What I thought had been a strap getting caught on the barrier was, in fact, caught on a decorative chain on Yoo Jin-woo's coat. His very expensive coat. A coat belonging to Korea's golden boy who stood there, dumbfounded, clutching the chain and dark blue fabric in his hand as I sprinted away like a criminal. Wait, holding...?
I threw myself across the room to my kit bag, dropping to my knees to rifle through the contents. Gloves? Yep, still there after all—left untouched after my self-imposed training punishment. But conspicuously absent? My old Team GB training jacket. Dark blue. Rumpled. Kept in my kit as a bitter reminder of everything I’d lost.
This couldn’t be real. My grubby old jacket, in the hands of a national treasure. I could already imagine his assistants disinfecting him behind closed doors. Burning the thing. Tossing it down a trash chute.
Well, it's gone for good now, I thought. I lay back on the floorboards, hands massaging my temples as I stared at the ceiling. It was overdue, anyway. I don't need a jacket to remind me of what I'm fighting to prove. I only think about it every damn second of the day.
At least you couldn’t see my face in the video! I grasped my necklace and sent up a silent prayer of gratitude for the hood I’d been wearing during my accidental foray into celebrity assault. Savta had pressed the silver star into my hands at Heathrow, her hands warm and safe. "Your shield," she'd said. "And to remember—you are never just one thing." Thanks for the assist, Savta.
I played the video again. Oh God. Mortifying. My limbs were everywhere. My foot almost caught on the barrier. But there wasn’t anything clearly identifiable, so with any luck, this embarrassment would remain mine alone to cringe over at 2 am for years to come.
The doorbell rang.
I take it back. That's it. It's over. The sasaengs had found me. Maybe if I turned off the lights, they’d think I wasn’t home.
I hobbled over to the door, still in my practice clothes, and slowly peered through the peephole.
A deliveryman stood there with a harried look on his face, holding a garment bag and an envelope.
"Chae Song-hwa-ssi?" he asked, as I cracked the door open, chain still on.

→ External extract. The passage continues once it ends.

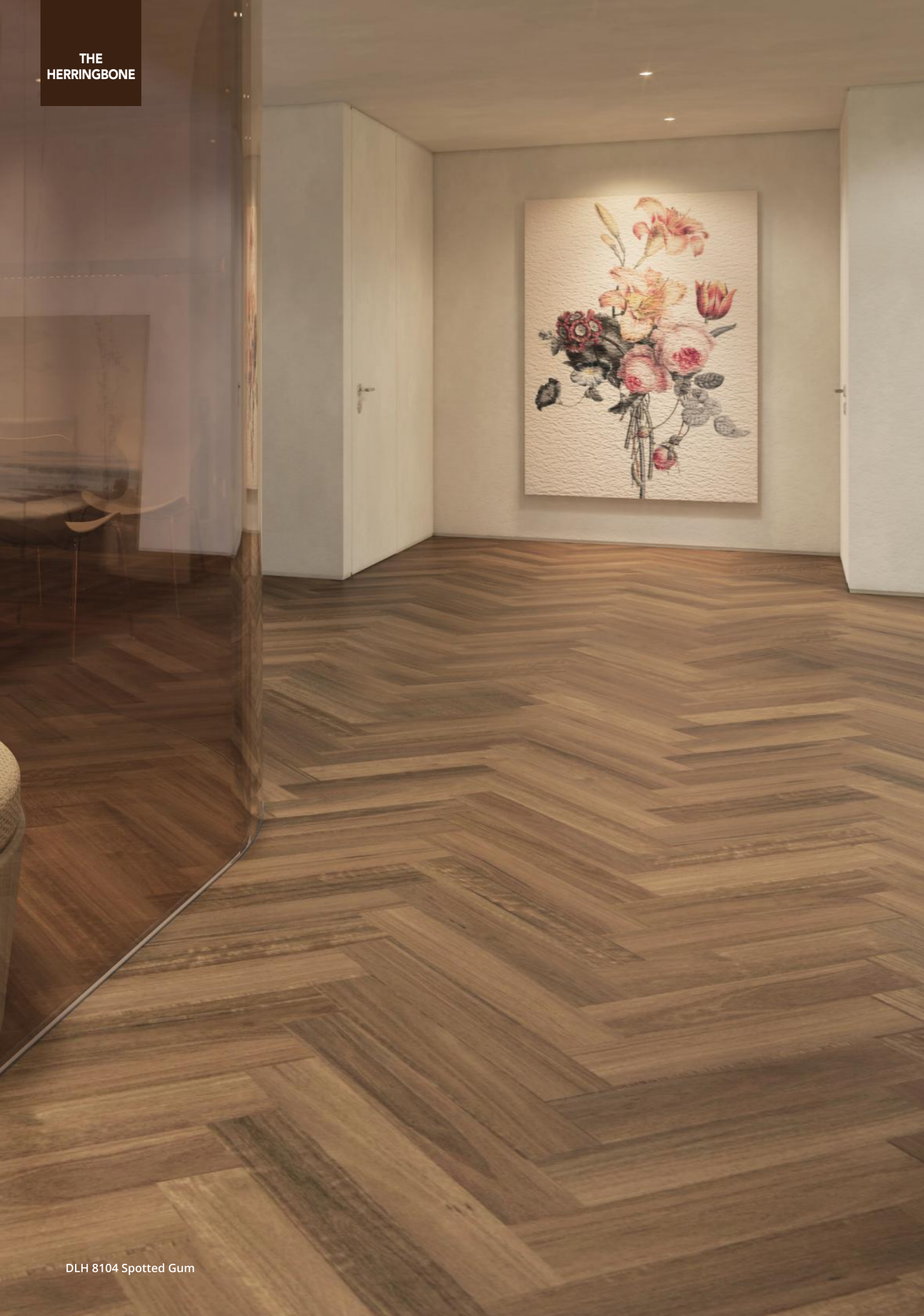
DLH 8104 Spotted Gum

"I didn't order anything."
"Instructions say to leave it whether you're home or not." He thrust both items at me and fled before I could protest, already swiping on his tablet, onto the next job.

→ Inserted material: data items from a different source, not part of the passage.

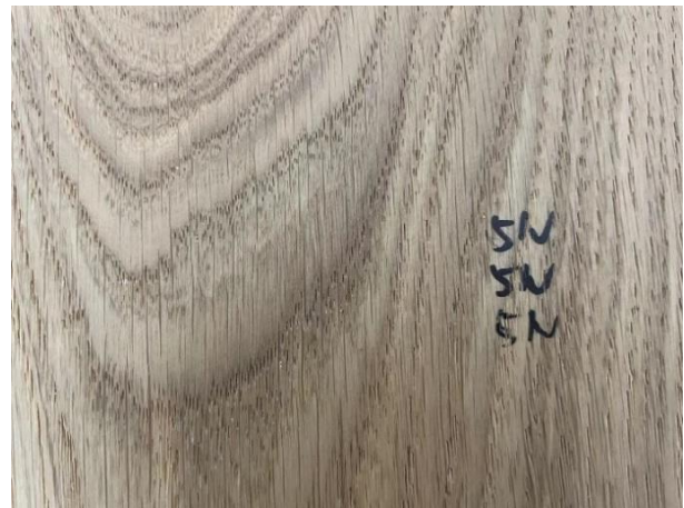
After test (Vertical)
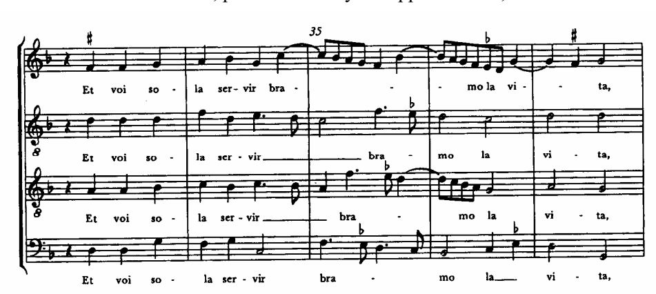
Ex. 2. "Madonna, per voi ardo" by Philippe Verdelot, mm. 33-37.

The Medici Court and the Development of Italian Madrigal: A Study of the Contributions of 43 Music Patronage in the 16th Century
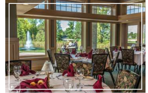
The Fountain Room
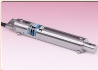
• Model 6160A-2 Biaxial MEMS Tilt Sensor.

The envelope had my name written in careful Hangul. Inside, hotel stationery:
I believe this is yours. You dropped it while practising your Olympic sprint. —YJW
A frisson of ice shot down my spine.
What.
I unzipped the garment bag, the buzz of the zipper suddenly unsettling. My GB team jacket stared back at me, the Union Flag bright against navy blue. But how...?
I checked the — freshly laundered?? — jacket and the name tag was still there. Same neat stitching Ma used for my school PE kit: Sarah Chae.
Okay. That explained how he knew my name. It did not explain how he found my address.
Fucking K-pop idols and their S-tier assistants. Or lunch-break sasaengs doing God's work. Who knows.
Tucked in the pocket was a business card. Premium cardstock, minimalist design, just a phone number and a tiny prism symbol in the corner.
I turned it over. English, this time, in the same careful handwriting:
I hope you made it on time.
I stood in my doorway for a full minute, holding my ghost jacket and a K-pop idol's business card, while Seoul hummed its evening song around me. Shutters rattled outside as the greengrocer shut up shop. A siren wailed in the distance. Drunken salarymen laughed, stumbling toward home or their next round.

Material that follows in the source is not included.